A Few (More) Notes on the Brexit

This article annoyed me, mostly because I see it as an abuse of Venn diagrams, although it does say some interesting things about the Brexit.

See, this isn't a proper Venn diagram.  It would better be drawn as a triangle with one side saying "Won't crash UK economy," "Acceptable to EU 27 states" and "Acceptable to Leave voters" on the side and each point of the triangle showing where the two items (but never three) converge.  A proper Venn diagram should have something in the areas that don't overlap, as well as more than one option in areas that do.  And either areas that overlap with all categories or an explicit note that there is no such place.

Now this is a REAL Venn diagram:





Or, if that is too complicated, here is a simpler (and unrelated) example of how a Venn diagram should work.

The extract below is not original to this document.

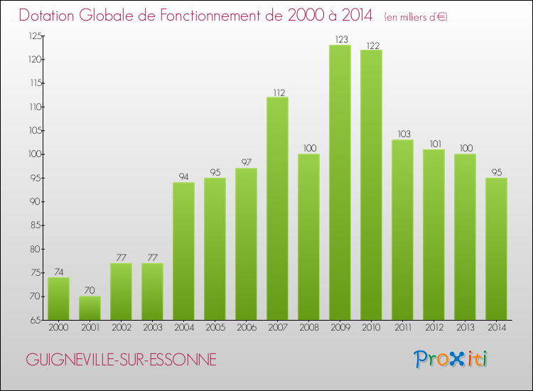 En effet, la dotation globale de fonctionnement versée par l'état en 2014 à la seule commune de Guigneville-sur-Essonne était de : 95 000 € au total.

The basic argument is that the remaining EU members are not going to be willing to negotiate an exit on favorable terms.  They either want Britain to cave and agree to remain, or they want to make leaving intentionally painful.  It was rather the same with Greece, except that Greece was a lot more vulnerable than Britain.  For Britain, as for Greece, the best way out of this dilemma ("trilemma?") is to drag out negotiations until it becomes obvious to all that the EU is trying to make an example of them to show the price for wanting out.  Once that becomes apparent, it should sufficiently fire up British nationalism that the Brits will be willing to accept the hardships that accompany exit.  In other words, what is called for is a top-notch demagogue, something the Brits do not usually excel at, but they are working on it.

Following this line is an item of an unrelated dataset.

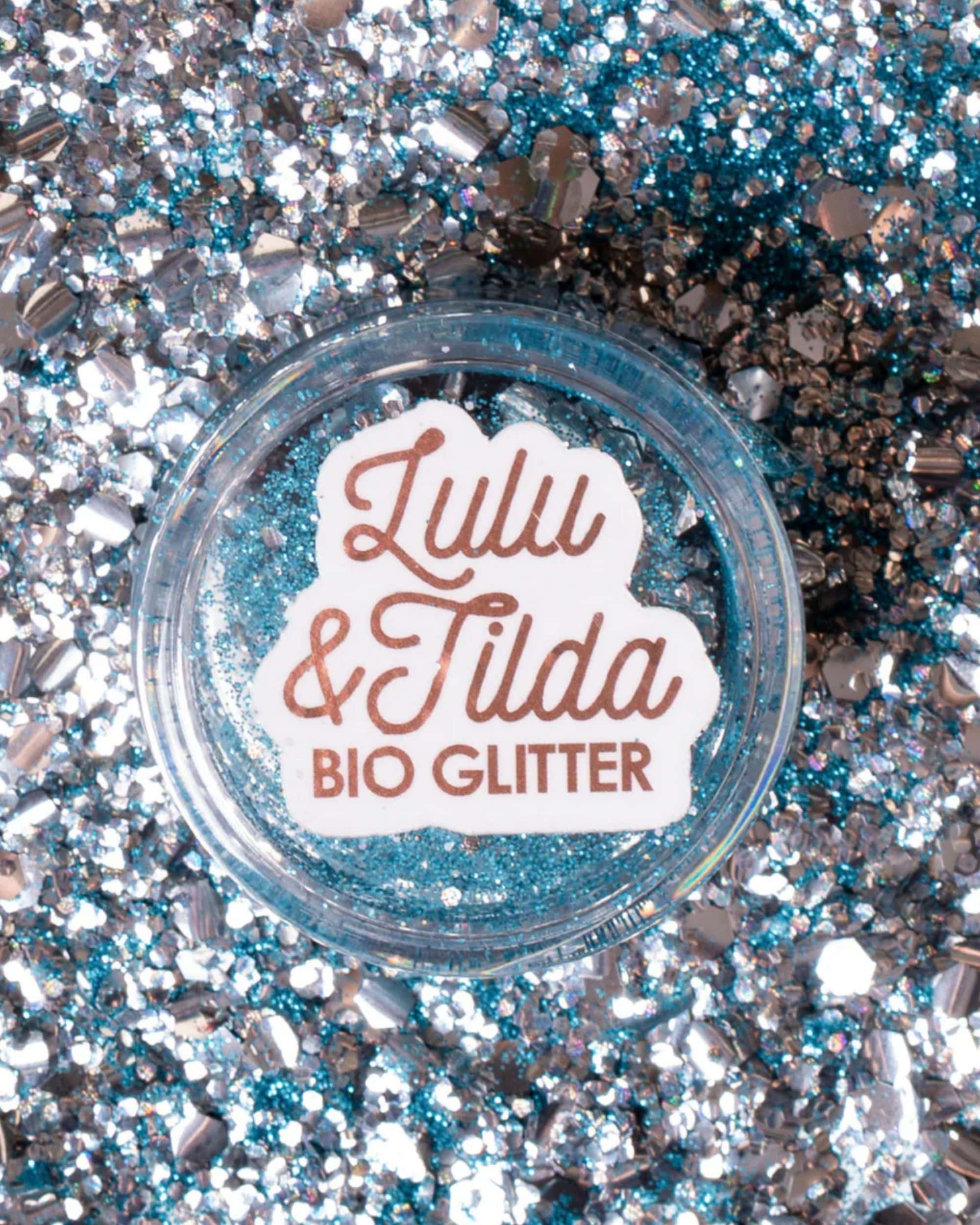 Den här blandningen kombinerar havsblått mikroglitter med större silverflingor. Färgerna reflekterar ljuset från alla vinklar och skapar ett skimmer som påminner om solljus över havet.

In any event, I count myself among people who believe that the near-term consequences of the Brexit won't be all that ruinous.  Anxiety will cause the pound to fall, British exports and tourism will boom, and it will be a case of everyone being pinched but no one being really impoverished.  What concerns me is not whether some demagogue will be able to inflame enough nationalism to persuade people to endure whatever hardships accompany leaving the EU.

It is the kind of demagogue we are most likely to see come forward.  Alexis Tsipras was the sort of demagogue I could approve of, the kind who punches up rather than kicking down.  If Tsipras had had the guts to take the Grexit (and the skill to manage it well, a dubious proposition) he would have appealed to Greek nationalism by denouncing those Eurocrats (specifically German Eurocrats) who wanted to wreck the Greek economy as a lesson to anyone else who might try to stand up to their dictates, and offer Greece as an inspiration to debtors everywhere wanting to stand up to Eurocratic/German imperialism.  It would require a certain delicacy of touch not often seen among demagogues to get the Greeks fired up enough to be able to endure the (genuinely severe) hardships that leaving the euro would have entailed without firing them up to something stupid like trash the German embassy, let alone make mob attacks on German tourists.  But at least I could trust Tsipras not to scapegoat immigrants.

Boris Johnson, Britain's most promising demagogue
The problem in Britain is that anger over immigrants was probably the major factor driving the "Leave" vote.  That means that a really effective demagogue will not just be one who stokes British rage over being made an example of, but one who encourages treating immigrants as scapegoats and is willing to inflame resentment toward them.  In other words, in a land not noted for its demagogues, Britain appears to have one ready in the wings in the person of Boris Johnson, the new foreign minister, described as Donald Trump with his wig on backwards.